What you have to do: Copy all records precisely, apart from the pictures.

Data records:

#####

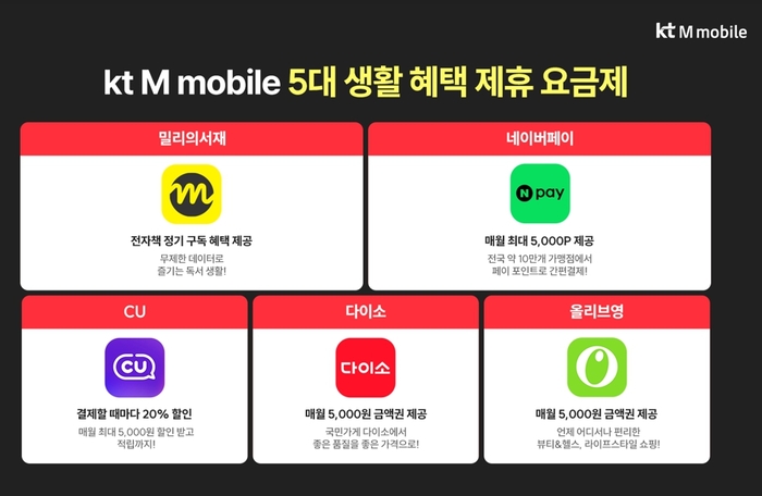 5대 생활 혜택 제휴 요금제(이하 오대장)는 밀리의서재·네이버페이·CU·다이소·올리브영 혜택 요금제다. 구독형 콘텐츠부터 편의점, 뷰티, 쇼핑까지 생활 전반을 아우르는 혜택을 제공한다.
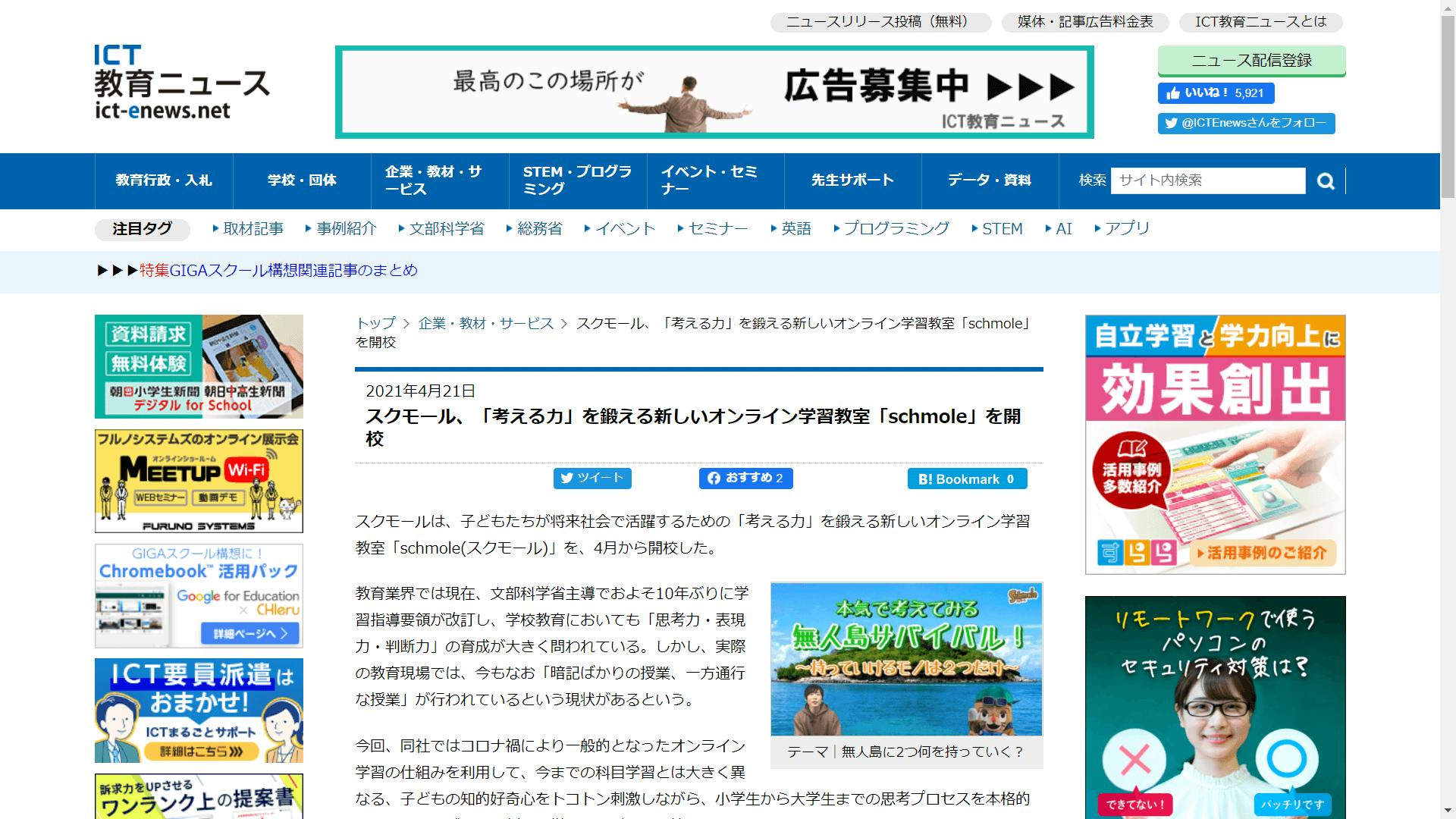 2021/04/26 17:06■スクモールのメディア掲載のお知らせオンライン学習教室「スクモール」が、このたび複数のWEBニュースメディアに掲載されました。以下、その掲載先とURLです (4/26時点)。ぜひ一度ご覧ください!【ICT教育ニュース】スクモール、「考える力」を鍛える新しいオンライン学習教室「schmole」を開校https://ict-enews.net/2021/04/21schmole/【exiteニュース】思考プロセスをトレーニングする新しい子ども教育 ~オンライン学習教室「スクモール」開校のお知らせ~https://www.excite.co.jp/news/article/Atpress_255786/【産経デジタル】https://www.sanspo.com/smp/geino/news/20210419/prl21041911020057-s.html【楽天Infoseekニュース】https://news.infoseek.co.jp/article/atpress_255786/この背景には、コロナ禍など変化の激しい時代において、子どもたちへの教育に対する高い関心が伺えます。将来の社会がどんな状況にあろうとも、あらゆる社会の困難に立ち向かうためには、暗記学習ではなく、子どもたちが自分の頭で考えて臨機応変に対応できる思考力こそが必要です。そのためにも、スクモールはその教育課題に正面から向き合い、将来を担う小学生・中学生・高校生・大学生の考える力をトコトン鍛える授業をこれからも展開して参ります。引き続きご支援のほど何卒よろしくお願い申し上げます!■LINE公式アカウント開設のお知らせスクモールのLINE公式アカウントを開設しました!LINEお友だち限定の動画や、最新情報、キャラクターのモルモルのつぶやきなど、楽しく役立つ情報が盛りだくさんです。【お友だち追加 方法】■URLから追加https://lin.ee/kGwi5fR■QRコード読み取り (画像)■ ID検索LINE「友だち追加」メニューからID『@755cdxej』で検索ぜひお友だち登録をよろしくお願いいたします!スクモール代表 岡崎、田中 もっと見る【支援者の皆さまへ】私立トレンド学園シリーズのURL
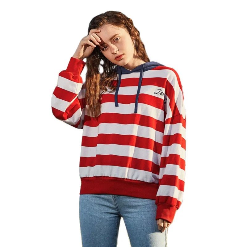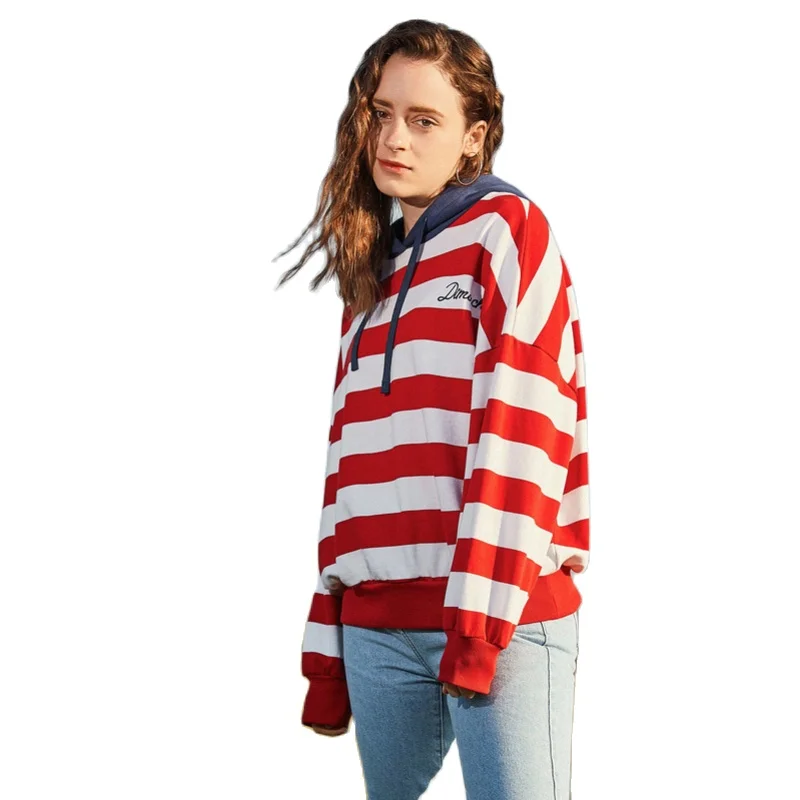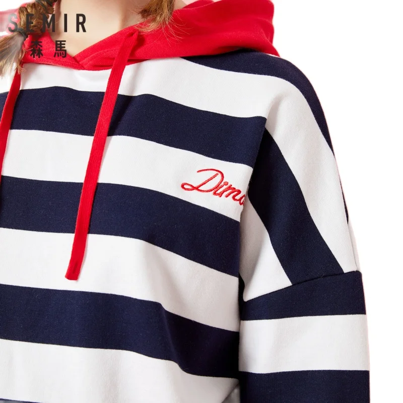 SEMIR Для женщин Свободный свитшот в полоску с капюшоном и вышивкой пуловер - купить
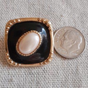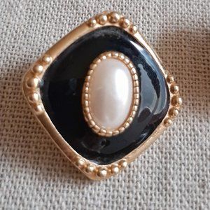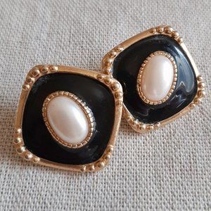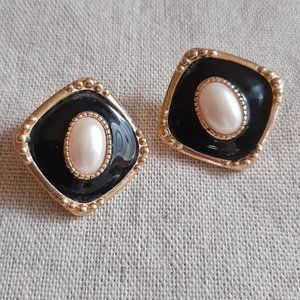 VTG 80's 90's Pearl & Enamel Post Back Earrings. Lovely and ladylike. Oval faux pearl center, black enamel with gold tone setting. Diamond orientation. Could dress up or down. Would look perfect with a vintage Jessica McClintock dress or with a black suit jacket and jeans! Good preowned condition with some light wear.
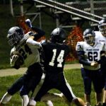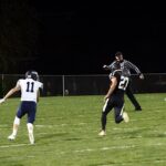 The Comets received the second half kickoff. PM now made it’s one big passing play for the night. Hill hit Dimetri Lieb for 43 yards. Minutes later Hill scored his second touchdown on a two yard run. Hill then hit Reece Hays for the two and it was 29-20 Comets. It took the Wildcats 52 seconds to strike back as Schmidt raced 41 yards for his second touchdown. Schmidt then hit Travis Mock for two. HC trailed 29-28 with a quarter and a half to go. PM would score again in just over three minutes. The big play was a 56 yard run by Baum. Hill scored his third touchdown and Justin Marshall added the point after to make it 36-28 Comets. The game now swung the Comets way as they would recover the next two kickoffs. The Wildcat kick return which had scored and set their offense up several times , couldn’t fall on either kickoff. Lieb would go 36 yards for a touchdown after the first recovery and Marshall’s extra point would make it 43-28 Comets. The Comets then got to the Wildcat one after the second recovery, but a personal foul moved the ball back. Two plays later Penns Manor suffered it’s only turnover and the ball popped up to HC’s Michael Krejocic who raced 87 yards down the left sideline on the last play of the third quarter. Schmidt added the two and we went to the fourth 43-36 PM in the lead.

#####

Task solution:
 5대 생활 혜택 제휴 요금제(이하 오대장)는 밀리의서재·네이버페이·CU·다이소·올리브영 혜택 요금제다. 구독형 콘텐츠부터 편의점, 뷰티, 쇼핑까지 생활 전반을 아우르는 혜택을 제공한다.
 2021/04/26 17:06■スクモールのメディア掲載のお知らせオンライン学習教室「スクモール」が、このたび複数のWEBニュースメディアに掲載されました。以下、その掲載先とURLです (4/26時点)。ぜひ一度ご覧ください!【ICT教育ニュース】スクモール、「考える力」を鍛える新しいオンライン学習教室「schmole」を開校https://ict-enews.net/2021/04/21schmole/【exiteニュース】思考プロセスをトレーニングする新しい子ども教育 ~オンライン学習教室「スクモール」開校のお知らせ~https://www.excite.co.jp/news/article/Atpress_255786/【産経デジタル】https://www.sanspo.com/smp/geino/news/20210419/prl21041911020057-s.html【楽天Infoseekニュース】https://news.infoseek.co.jp/article/atpress_255786/この背景には、コロナ禍など変化の激しい時代において、子どもたちへの教育に対する高い関心が伺えます。将来の社会がどんな状況にあろうとも、あらゆる社会の困難に立ち向かうためには、暗記学習ではなく、子どもたちが自分の頭で考えて臨機応変に対応できる思考力こそが必要です。そのためにも、スクモールはその教育課題に正面から向き合い、将来を担う小学生・中学生・高校生・大学生の考える力をトコトン鍛える授業をこれからも展開して参ります。引き続きご支援のほど何卒よろしくお願い申し上げます!■LINE公式アカウント開設のお知らせスクモールのLINE公式アカウントを開設しました!LINEお友だち限定の動画や、最新情報、キャラクターのモルモルのつぶやきなど、楽しく役立つ情報が盛りだくさんです。【お友だち追加 方法】■URLから追加https://lin.ee/kGwi5fR■QRコード読み取り (画像)■ ID検索LINE「友だち追加」メニューからID『@755cdxej』で検索ぜひお友だち登録をよろしくお願いいたします!スクモール代表 岡崎、田中 もっと見る【支援者の皆さまへ】私立トレンド学園シリーズのURL
 SEMIR Для женщин Свободный свитшот в полоску с капюшоном и вышивкой пуловер - купить
 VTG 80's 90's Pearl & Enamel Post Back Earrings. Lovely and ladylike. Oval faux pearl center, black enamel with gold tone setting. Diamond orientation. Could dress up or down. Would look perfect with a vintage Jessica McClintock dress or with a black suit jacket and jeans! Good preowned condition with some light wear.
 The Comets received the second half kickoff. PM now made it’s one big passing play for the night. Hill hit Dimetri Lieb for 43 yards. Minutes later Hill scored his second touchdown on a two yard run. Hill then hit Reece Hays for the two and it was 29-20 Comets. It took the Wildcats 52 seconds to strike back as Schmidt raced 41 yards for his second touchdown. Schmidt then hit Travis Mock for two. HC trailed 29-28 with a quarter and a half to go. PM would score again in just over three minutes. The big play was a 56 yard run by Baum. Hill scored his third touchdown and Justin Marshall added the point after to make it 36-28 Comets. The game now swung the Comets way as they would recover the next two kickoffs. The Wildcat kick return which had scored and set their offense up several times , couldn’t fall on either kickoff. Lieb would go 36 yards for a touchdown after the first recovery and Marshall’s extra point would make it 43-28 Comets. The Comets then got to the Wildcat one after the second recovery, but a personal foul moved the ball back. Two plays later Penns Manor suffered it’s only turnover and the ball popped up to HC’s Michael Krejocic who raced 87 yards down the left sideline on the last play of the third quarter. Schmidt added the two and we went to the fourth 43-36 PM in the lead.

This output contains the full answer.